At a sitting of Derry Magistrates Court this week, Cavanagh made application to vary his bail to allow him to go on a short break to Arranmore Island off the coast of Donegal with his partner.
Objecting to the variation being granted, a prosecution barrister said bail conditions had been imposed to allow police to 'monitor and manage' the risk.
She said tpolice believed Cavanagh was a member of Saoradh and was 'clearly associated with the New IRA.'
The court was told the defendant was seen outside the Saoradh offices in November 2021.
He was also observed at a white line protest in March this year and in June was seen talking to someone outside the Saoradh office.
Defence solicitor Derwin Harvey said the papers in the case had been forwarded and there were three strands to the case - identification, forensics and a diligence report.

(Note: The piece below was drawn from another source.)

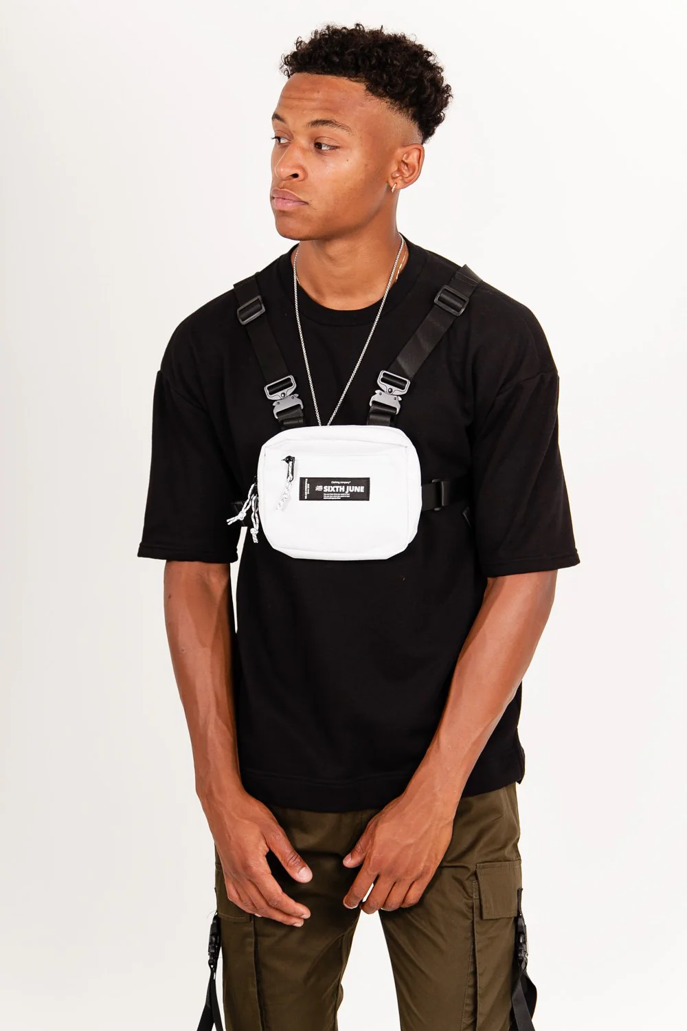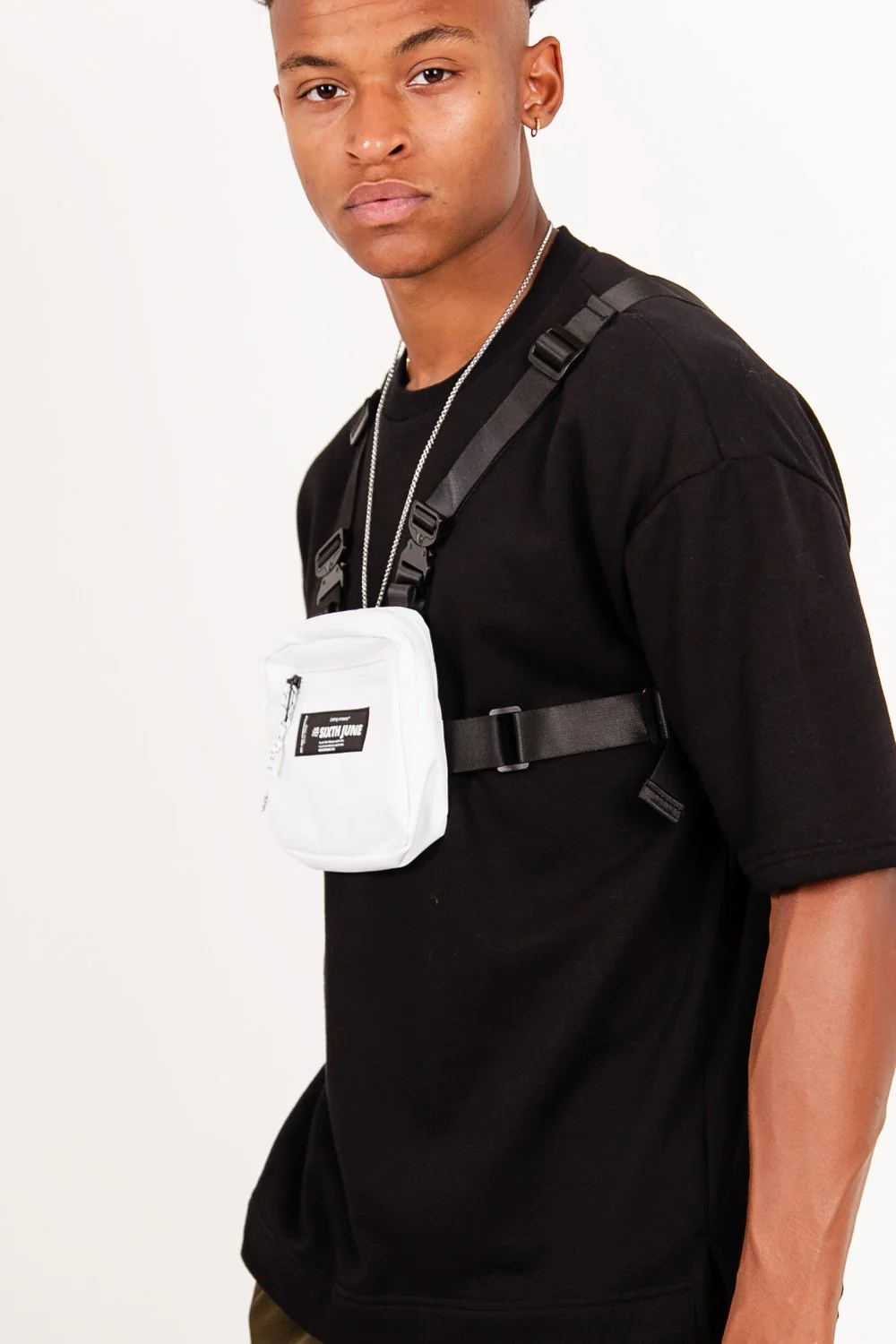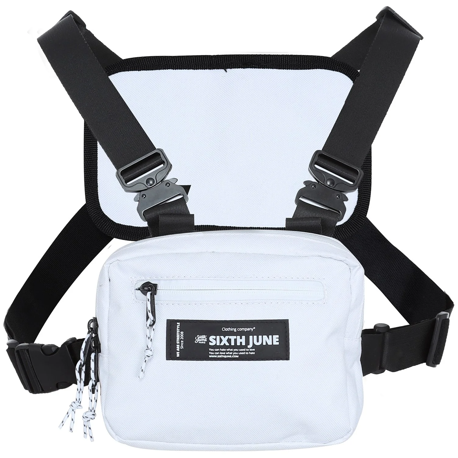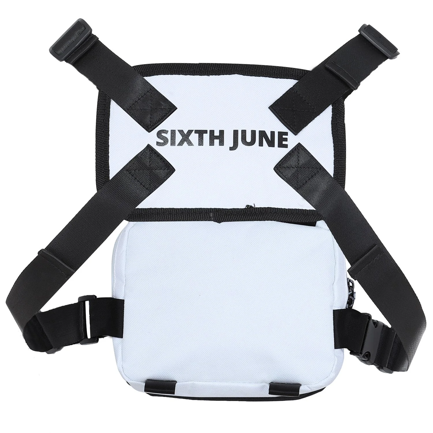 poitrine mini format pour homme et femme de marque Sixth June. Dimensions: 18x14x1,5(cm), boucles sur les côtés et en métal au niveau des épaules. Bretelles ajustables, poches sur le dessus et sur l’avant avec fermetures zippées, logo Sixth June brodé à l’avant. Modèle blanc.

He said the entirety of the evidence was in police hands by March 2020 but it was not until September last year that Cavanagh was charged.
The solicitor said if his client posed such a risk why the delay in charging him?
He added Cavanagh was 'anxious' to face the charges for what he described as 'this dreadful act' so he could clear his name.
The solicitor said Cavanagh had said he was no longer associated with Saoradh and he added that it was clear he would not 'announce it publicly unless it was the case.'
He said the variation was for a three night break.
District Judge Barney McElholm said “I don't think he can get up to much on Arranmore.”
He granted the variation but ordered Cavanagh to surrender his passport and put forward a cash surety.